Ok.. so there are more than just 2-3 text each month.. That can been an issue. I hope you find a way to talk to him and get him to let you know what is going and see if you can fix it or not.


----------



## confused and hurt (Mar 27, 2013)

Thank you Magical. He tells me he's sorry and he f**ked up but he also feels because there has been no sex involved not cheating??


----------



## themagicalbeing2013 (Mar 19, 2013)

confused and hurt said:


> Thank you Magical. He tells me he's sorry and he f**ked up but he also feels because there has been no sex involved not cheating??


Men usually think on cheating just when we have sex with someone or at least some touching, kissing, etc.. It is difficult for some men to think than flirting can be cheating..


----------



## confused and hurt (Mar 27, 2013)

to me the secrecy is a form of cheating. When you are hiding you are cheating in a sense. This is why he is still here, if it was both he'd be gone. I also am freaking because it's a big deal and to him, not so much. Which means he's not that sorry. Almost acts like it's nothing but does avoid me a bit (guilty)


----------



## PBear (Nov 16, 2010)

Look into the book "Not Just Friends". Both of you should read it.

C


----------



## walkonmars (Aug 21, 2012)

So according to his definition he can exchange photos and videos of naked body parts and acts, can talk about sex acts with her, share secrets etc but as long as he doesn't touch it's not cheating?

It is cheating. 

How would he react or treat you if you spend the next six months sending photos and talking about fantasies with one of his coworkers or friends?

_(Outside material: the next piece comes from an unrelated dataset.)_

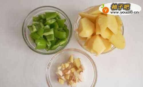 2青椒洗净切块,姜和蒜切小块,土豆滚刀块备用
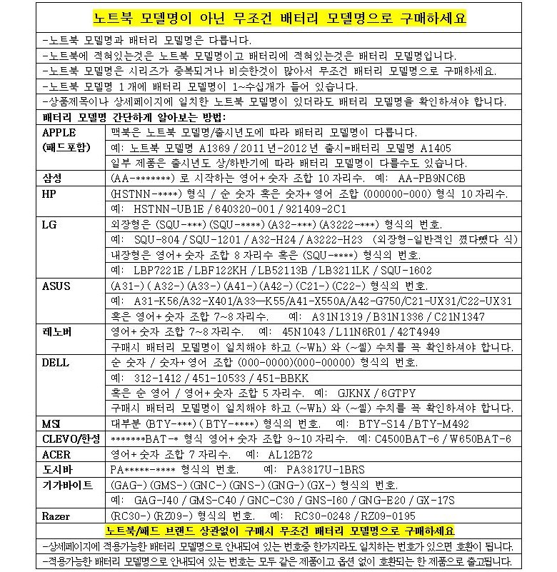| 품명 및 모델명 | 호환용 노트북 배터리 | KC 인증정보 | YU101411-21001 |

Damm straight, he would blow his stack, kick you to the curb, and call you a cheater.


----------



## Shaggy (Jul 17, 2011)

If you do a thing like texting to another person directly with the intent to sexually arouse them, sex is involved, or if they do it to arouse you.

Basically when two live people do an action with the intent to either arouse the other person, or their self , sex was involved.

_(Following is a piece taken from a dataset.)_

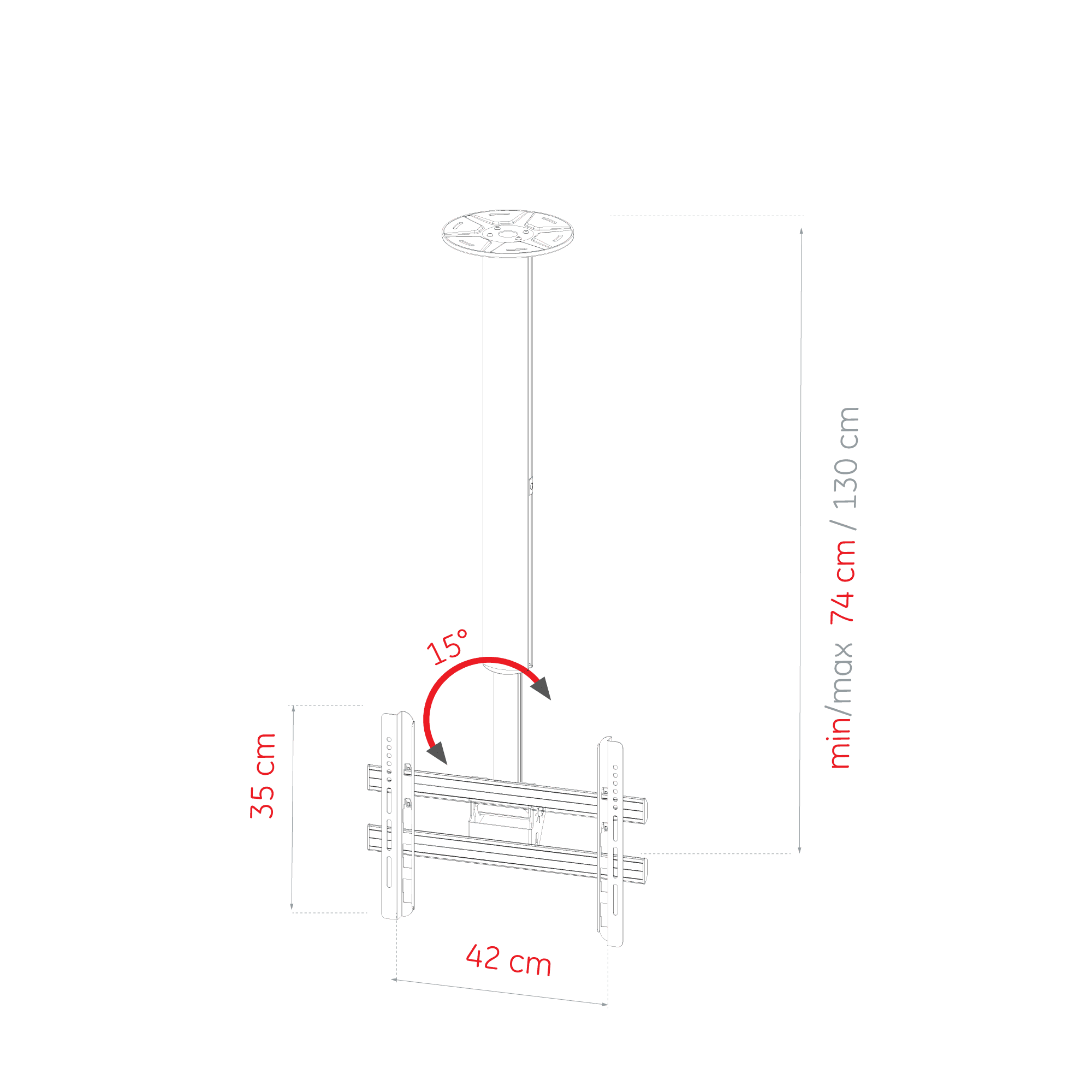 Ceiling TV mount for 32"-65" screens, 50 kg weight capacity

It wasn't physical sex, but it was sexual. And that is crossing the boundary of faithfulness.


----------



## Cosmos (May 4, 2012)

Having secret or private conversations with a member of the opposite sex, that you wouldn't have if your partner/spouse were present, is emotional infidelity. Your H deleted texts so that you couldn't read them. Did he tell you why?


----------



## Broken..ForNow (Mar 20, 2013)

I would invest in a key logger for his cell...See if and what is being said from this point forward. Who is this woman?
_Posted via Mobile Device_


----------



## moxy (Apr 2, 2012)

There is more to his story than he is telling you. Find out the truth so you can figure out how to proceed.


----------



## totallyunexpected (Nov 21, 2012)

confused and hurt said:


> to me the secrecy is a form of cheating. When you are hiding you are cheating in a sense. This is why he is still here, if it was both he'd be gone. I also am freaking because it's a big deal and to him, not so much. Which means he's not that sorry. Almost acts like it's nothing but does avoid me a bit (guilty)


I hope you caught this early enough. But no mistake, the secrecy and it being someone of the opposite sex - yes that is cheating at least emotionally and possibly more. Until you do major investigating, you can't really know since cheaters lie and hide. 

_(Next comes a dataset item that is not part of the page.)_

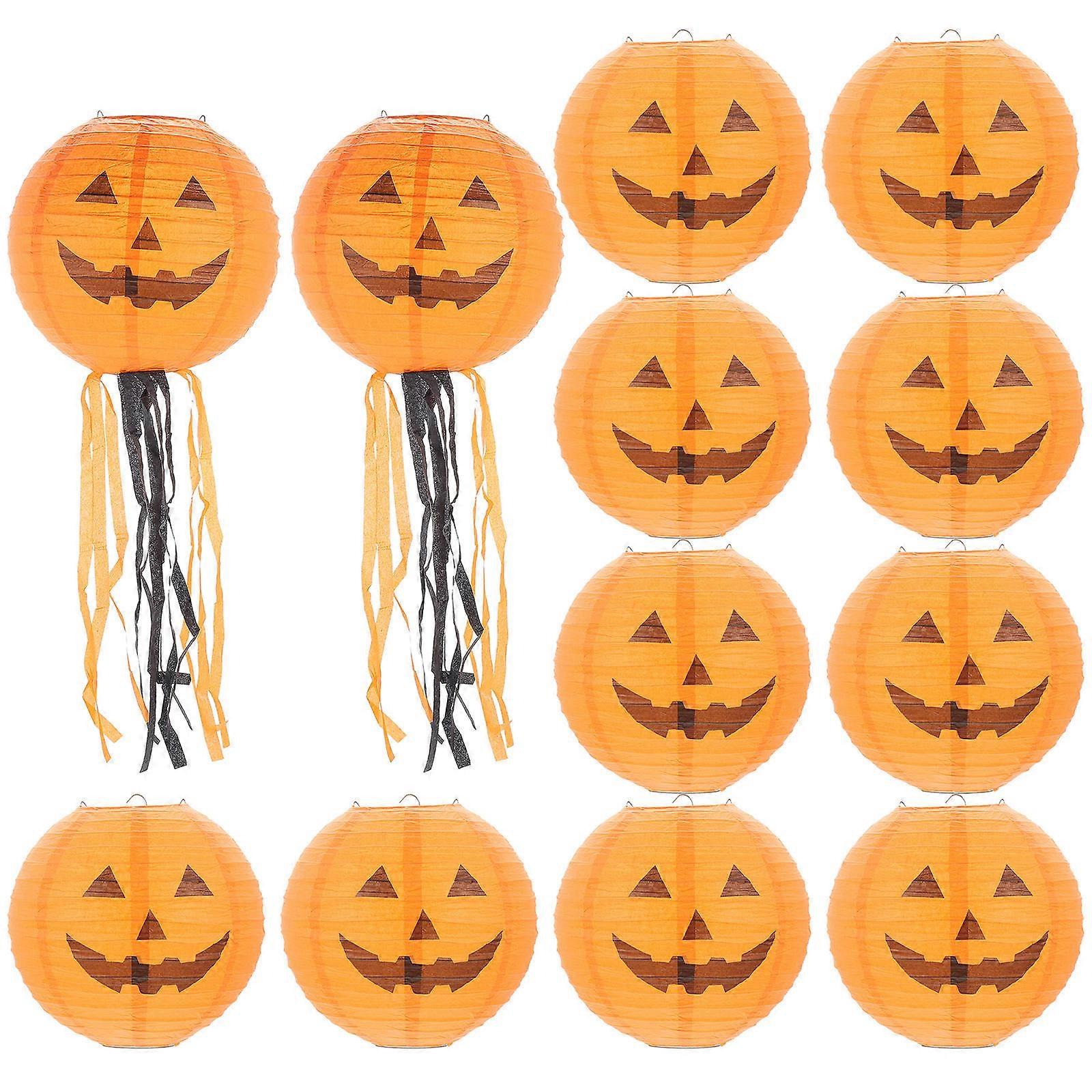 Indoor Decorative Paper Lanterns 12Pcs Halloween Party Decoration 25X25cm Orange Pumpkin Design

Did he see you cry? Did he see you hurt? If he isn't remorseful at all, he _may_ have more that he is hiding. Either way, he does not have an understanding of proper boundaries and has a lot of learning to do on that. He also MUST be transparent from now on. Be clear about that. If you see him delete one more text, then you have to assume the worst. Tell him that. Make sure he understands and then follow through with consequences. I second the book recommendation and that you read it together. 

Start snooping but don't reveal your methods. Keep us updated. I hope there isn't more to this story. Oh, and above all TRUST YOUR GUT! (And also don't let this blow over as nothing - or history will repeat itself.)


----------



## EleGirl (Dec 3, 2011)

themagicalbeing2013 said:


> Men usually think on cheating just when we have sex with someone or at least some touching, kissing, etc.. It is difficult for some men to think than flirting can be cheating..


Unless it's their wife in an emotional affiar (EA). Then of course this same guy understands very well what an EA is an how hurtful it can be.


----------